Thanks for the explanation about deduplication. Not as cool as I had hoped, but suppose real life is often that way

As for hardlinks, I was thinking specifically about backups, which are managed by a backup system. I never write to files in the backup (that would not make sense), so that is a non-issue, and that makes the system very, very simple and very effective. In the general case, deduplication is of course easier, but as I get from you, seldom worth the effort. With modern disk drives being so big, size tends to take 2nd place to speed or reliability in most cases.

Comment Re:Shouldn't Apples count? (Score 1) 487

Sure, but several file systems have drawbacks too. I'd prefer file systems that let me specify such features at the directory level instead.

Breaking chroot for non-root users are not exactly trivial, though I don't personally use chroot for that.. .I use it (as the GP suggested) for scratch areas, especially for building and testing applications under different environments.

Comment Re:Shouldn't Apples count? (Score 1) 487

I seem to have touched a nerve :)

You will always hear more complaints from Linux users. That is a price for having easy installers. But aside from unsupported hardware, I haven't had a problem with sound since the debacle around pulseaudio (which got enabled a bit prematurely imho. But works fine now.)

As for running root as chroot: That is not a usecase I saw, nor one I have ever missed. From wikipedia jails falls in somewhere between a virtualized server and a chroot. *shrug* Certainly not a game changer, and a short google search reveals some linux alternatives.

The reason I prefer to not have multiple filesystem is so that my backups can use hardlinks, I can move files between say /tmp and my /home without actually moving the data, and so that I don't have to bother thinking about it. I cannot get that today, because there is no way to encrypt part of a file system (or deduplicate etc, though I just use hardlinks for that.
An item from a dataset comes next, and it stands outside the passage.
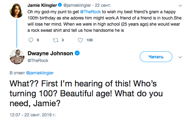 «О боже, попытка попросить Дуэйна Джонсона поздравить бабушку моей лучшей подруги с днем рождения может сработать! Один друг нашего друга на связи с ним. Она просто сойдет с ума! Когда мы учились в школе (25 лет назад), она рассказывала нам, какой он крутой».

Easier to understand, less error-prone.) Creating a new filesystem takes me about a minute: I waste a lot more time (order of magnitudes) waiting for just moves between filessystems (even if I only use 2) than I ever did for creating filesystems. Sure, it is cool, and I think it is fun doing it with btrfs, but it's not really very useful.

As for btrfs... I use it for snapshots. Why? Because I can. LVM would likely serve me just as well, but I like to play with new things. The data being snapshots, I don't care how stable it is, but it seems to work :) The remaining feature ZFS has are not compelling enough for me to bother installing even a test of it (with fuser, I think it is on linux).

P.S: Why don't you deduplicate everything? That sounds like there is a significant downside?

Comment Re:Shouldn't Apples count? (Score 1) 487

A few points:

The locking of /dev/dsp is mostly ancient history at this point, even on Linux, where sound (finally) got the attention it needs. And now it actually handles multiple sounds cards (moving the sound around and stuff like that), which is nice if you are using an usb-headset and speakers, depending on the situation.

I use schroot for the usecase you use ezjail for, and from your short note it looks mostly equivalent. I tend to use either a btrfs or lvm backend.

As for creating new filesystems, I find that mostly a bother; what I want is just one filesystem to handle it all. Currently, I find I need 2 to handle my needs, which is annoying (one encrypted, one not). Snapshots are useful though (and supported by LVM and btrfs).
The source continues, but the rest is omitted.